**Exercise aim:** The lines to copy run from the one containing "υποδειγματική λειτουργία χρήσης." to the very end of the records; give them exactly, and only them, without pictures.

[[ Dataset extract, beginning ]]

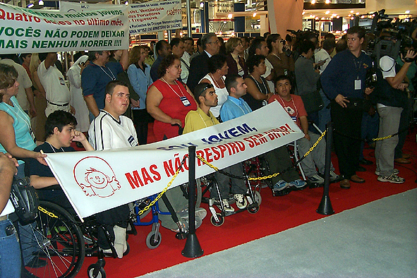 São Paulo - apesar de já estar para completar 2 anos a portaria do Ministério da Saúde garantindo a assistência ventilatória não saiu do papel; na quase totalidade do Brasil ela é desconhecida. Em São Paulo somente com medidas judiciais a portaria tem sido cumprida. Revoltados com a demora nesta regulamentação em São Paulo os pais e portadores de distrofia muscular fizeram no dia 10 de junho uma significativa manifestação na inauguração da Hospitalar/2003, feira de artigos hospitalares. Na presença do Ministro da Saúde e do Governador de São Paulo e de órgãos de imprensa os bravos representantes expuseram cartazes e manifestaram-se com ordem mas bastante ênfase a sua revolta e a necessidade de imediata implantação da portaria. Este seguramente será um marco na luta pelos direitos dos portadores de distrofia. Acredito que esta forma de luta deveria se repetir em outros estados com relação a esta portaria e com relação aos outros deveres que o Estado não tem cumprido, como a realização dos testes genéticos, a assistência médica e fisioterápica, as facilidades para locomoção e ensino, etc. Os resultados desta manifestação já foram sentidos no próprio dia e seguramente a implantação da assistência respiratória em São Paulo se fará com mais rapidez e melhor qualidade. Seguem as fotos desta manifestação enviadas por Andréia Bezerra de Albuquerque:
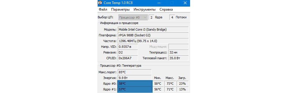 Программа Core Temp работает на процессорах Intel, AMD и VIA. Помимо показаний температуры ядра, приложение предоставляет данные о частоте, загрузке процессора и использовании оперативной памяти.
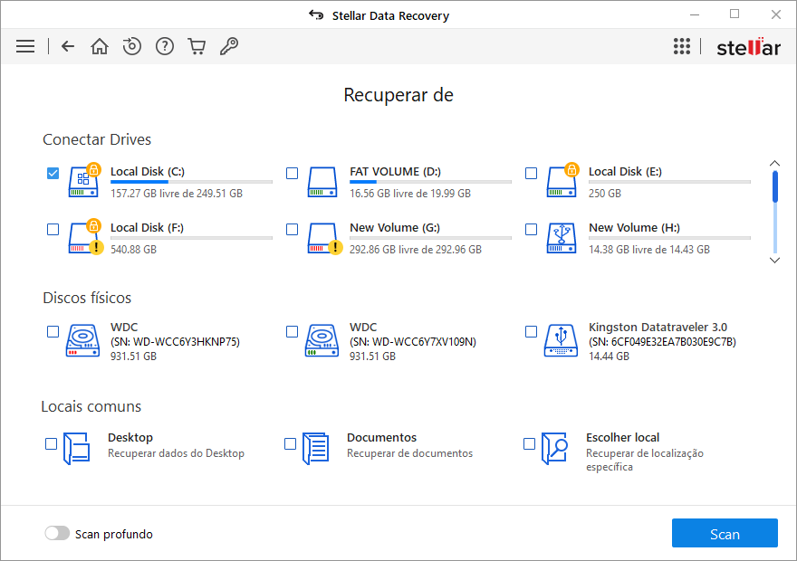 O software também permite selecionar qualquer unidade conectada ou um local específico em uma unidade ou mídia de armazenamento conectada ao sistema. O software oferece as seguintes opções de seleção:
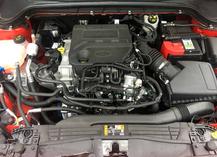 «Καρδιά» του Focus της δοκιμής μας, πολυβραβευμένος, 3κυλινδρος 1000άρης κινητήρας βενζίνης EcoBoost, με δυνατότητα απενεργοποίησης κυλίνδρου. Με μόλις 999 κ.εκ. αποδίδει 125 ίππους στις 6000 στροφές και 170 Nm ροπής, διαθέσιμα από τις 1.400 έως τις 4.500 σ.α.λ.! Χωρίς κραδασμούς, ή ενοχλητικό κροτάλισμα, ο κινητήρας αυτός ξεκινά να «φορτώνει» από τις 1500 στροφές, για να «απογειωθεί» μετά τις 2000 σαλ, έως σχεδόν τον κόφτη. Συνδυάζεται με ένα χειροκίνητοι 6άρι κιβώτιο, με άριστη κλιμάκωση και υποδειγματική λειτουργία χρήσης.
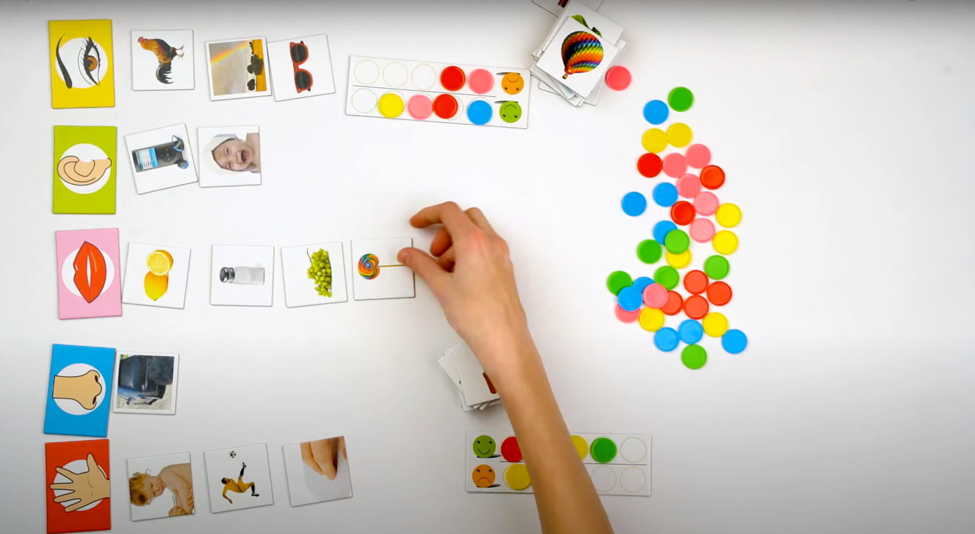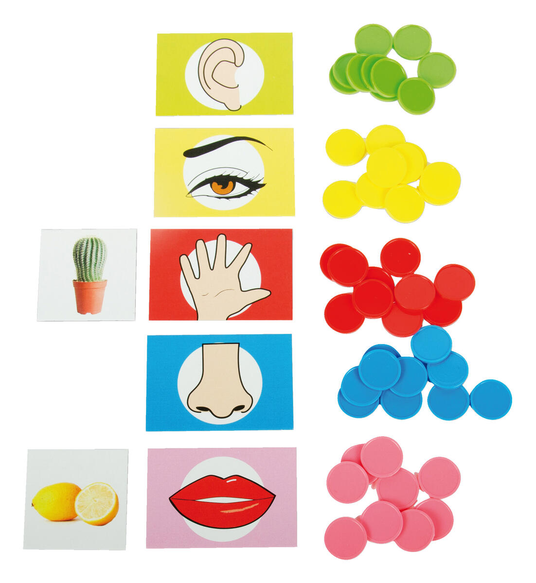 Kombinera sinnen och känslor. Barnen upptäcker sina olika sinnen och vilken information vi får från dem. När de spelar lär de sig att alla kan uppleva lukt eller smak olika. Vilka bilder passar till vilket sinne? För 2-6 spelare. PVC-fri. Från 4 år.
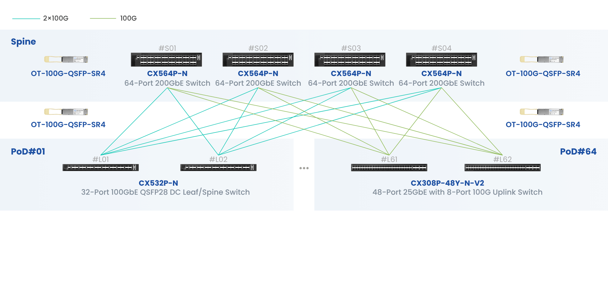 64×100GbE QSFP28 Low Latency Leaf/Spine Switch
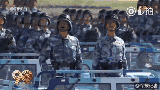 海军陆战队方队,领队为孔军少将。孔武有力的男兵,英姿飒爽的女兵,带来了大海的气魄,也把这支两栖作战力量的雄风带到了受阅现场。
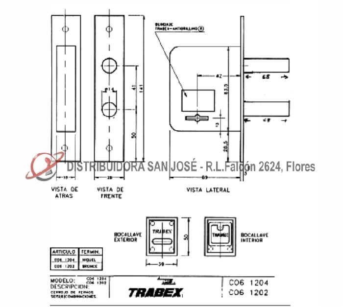 Descripción: CERROJO DOBLE PALETA TRABEX 1204
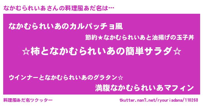 | 恥ずかしいあだ名 | 『なかちん』『プリティーなかむられいあ』 |
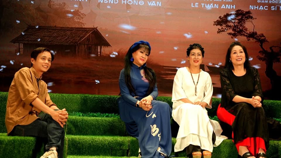 NSND Hồng Vân (Áo đen) cùng các nghệ sĩ trong một vở diễn. Ảnh: FBNV
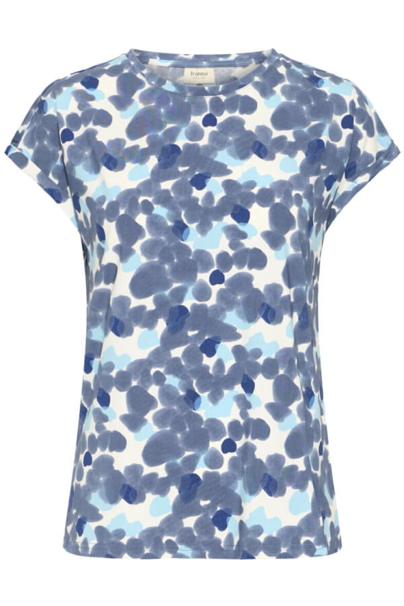 Smart hvid t-shirt fra FRANSA i et skønt grafisk print i blå nuancer.

[[ Dataset extract, end ]]

**Result of the task:**
 «Καρδιά» του Focus της δοκιμής μας, πολυβραβευμένος, 3κυλινδρος 1000άρης κινητήρας βενζίνης EcoBoost, με δυνατότητα απενεργοποίησης κυλίνδρου. Με μόλις 999 κ.εκ. αποδίδει 125 ίππους στις 6000 στροφές και 170 Nm ροπής, διαθέσιμα από τις 1.400 έως τις 4.500 σ.α.λ.! Χωρίς κραδασμούς, ή ενοχλητικό κροτάλισμα, ο κινητήρας αυτός ξεκινά να «φορτώνει» από τις 1500 στροφές, για να «απογειωθεί» μετά τις 2000 σαλ, έως σχεδόν τον κόφτη. Συνδυάζεται με ένα χειροκίνητοι 6άρι κιβώτιο, με άριστη κλιμάκωση και υποδειγματική λειτουργία χρήσης.
 Kombinera sinnen och känslor. Barnen upptäcker sina olika sinnen och vilken information vi får från dem. När de spelar lär de sig att alla kan uppleva lukt eller smak olika. Vilka bilder passar till vilket sinne? För 2-6 spelare. PVC-fri. Från 4 år.
 64×100GbE QSFP28 Low Latency Leaf/Spine Switch
 海军陆战队方队,领队为孔军少将。孔武有力的男兵,英姿飒爽的女兵,带来了大海的气魄,也把这支两栖作战力量的雄风带到了受阅现场。
 Descripción: CERROJO DOBLE PALETA TRABEX 1204
 | 恥ずかしいあだ名 | 『なかちん』『プリティーなかむられいあ』 |
 NSND Hồng Vân (Áo đen) cùng các nghệ sĩ trong một vở diễn. Ảnh: FBNV
 Smart hvid t-shirt fra FRANSA i et skønt grafisk print i blå nuancer.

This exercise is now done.